The prices are in American but the conversion rate is pretty close anyways. Free shipping only applies to the US, if I remembered correctly they ship from St Louis.


----------



## coldmantis (Apr 5, 2010)

so the shipping price is adjusted later, I went to the website and I picked shipping for ontario it came up to like 30 something.


----------



## matti2uude (Jan 10, 2009)

You can get an electronic one from here
http://www.aquariumplants.com/URLre...ants_com_s_Electronic_Co2_Regulator_p/co2.htm
Or you can get a good one from here
http://www.bestaquariumregulator.com/CO2.html
Both are more expensive but are higher quality.


----------



## penpal (Feb 20, 2009)

Did you check 1-2 day? it says its for USA only. It doesn't calculate shipping rates to Toronto. When I ordered from them I choose Basic Ground and they sent me an confirmation email with shipping fees.


----------



## Will (Jul 24, 2008)

it would be good to call the company and place an order over the phone, and specifically ask for USPS (not UPS) to avoid any additional outrageous brokerage fees that you will have to pay when shipping courier over the border. I've paid brokerage fees that cost double the items cost- which wont be the case when you're buying something as costly as Co2 equipment, but it's a good way to loose your "deal".


----------



## Darkblade48 (Jan 28, 2008)

I have some reservations about the MA957 system; however, you can go this route if that is what you have decided on.

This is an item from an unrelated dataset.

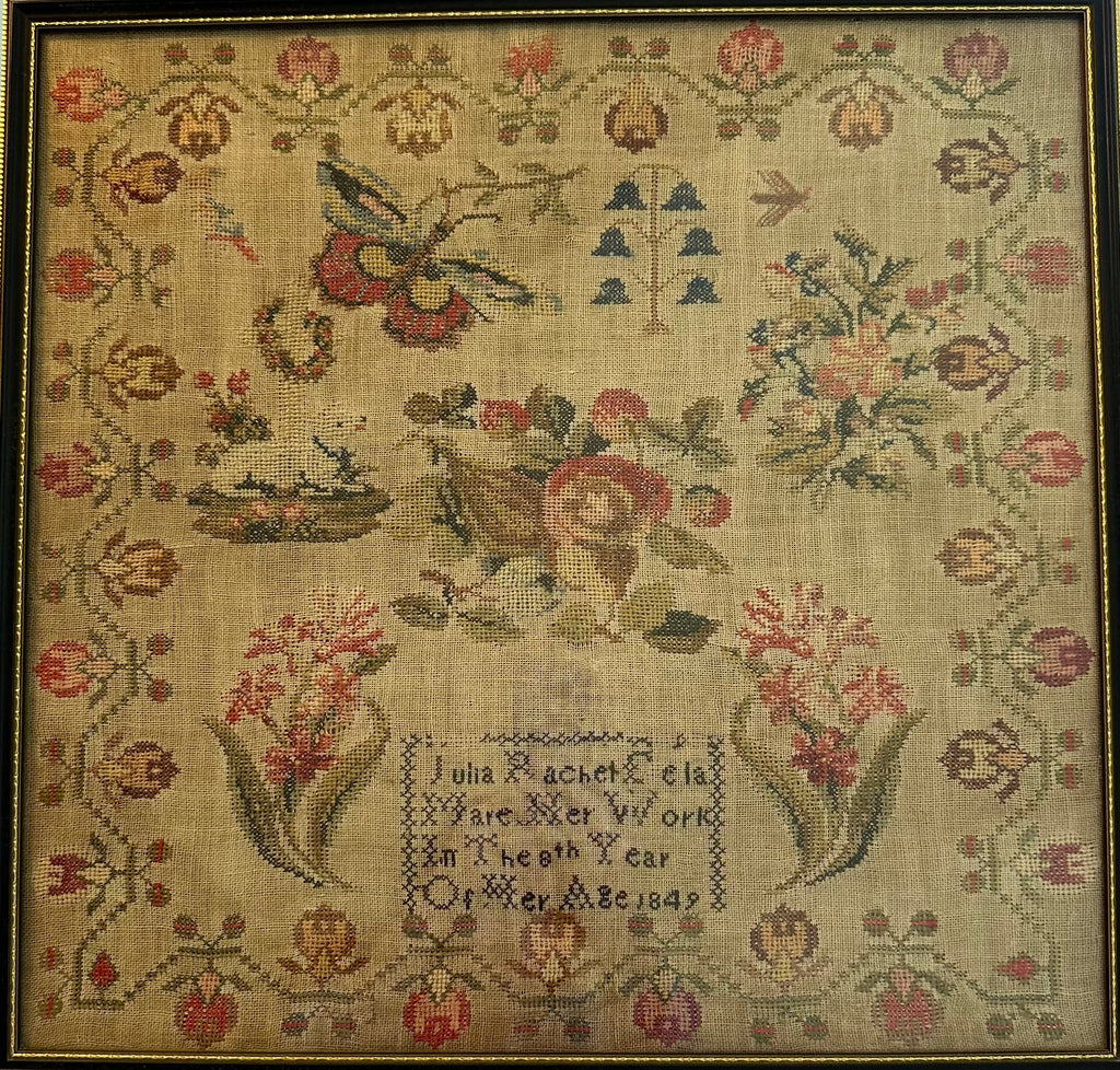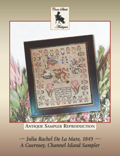 The Antique: 17 inches wide x 16.5 inches high on 26 count linen with wool threads

Please take a look at my pressurized CO2 guide if you haven't already:

http://gtaaquaria.com/forum/showthread.php?t=12271

I discuss about the various pros and cons of the regulators that have already been mentioned (the MA957, the Aquariumplants.com electronic regulator, and building your own from assembled parts, etc).


----------



## brapbrapboom (Sep 2, 2009)

Darkblade48 said:


> I have some reservations about the MA957 system; however, you can go this route if that is what you have decided on.
> 
> Please take a look at my pressurized CO2 guide if you haven't already:
> 
> ...


ahh yes! thanks dark will def check this out!


----------



## Greg_o (Mar 4, 2010)

Will Hayward said:


> it would be good to call the company and place an order over the phone, and specifically ask for USPS (not UPS) to avoid any additional outrageous brokerage fees ..


UPS does have a relatively inexpensive sevice to Canada that does include customs and duties. It's slow, but no slower than USPS's standard service.

Might be worthwhile asking the retailer in question if they offer this.


----------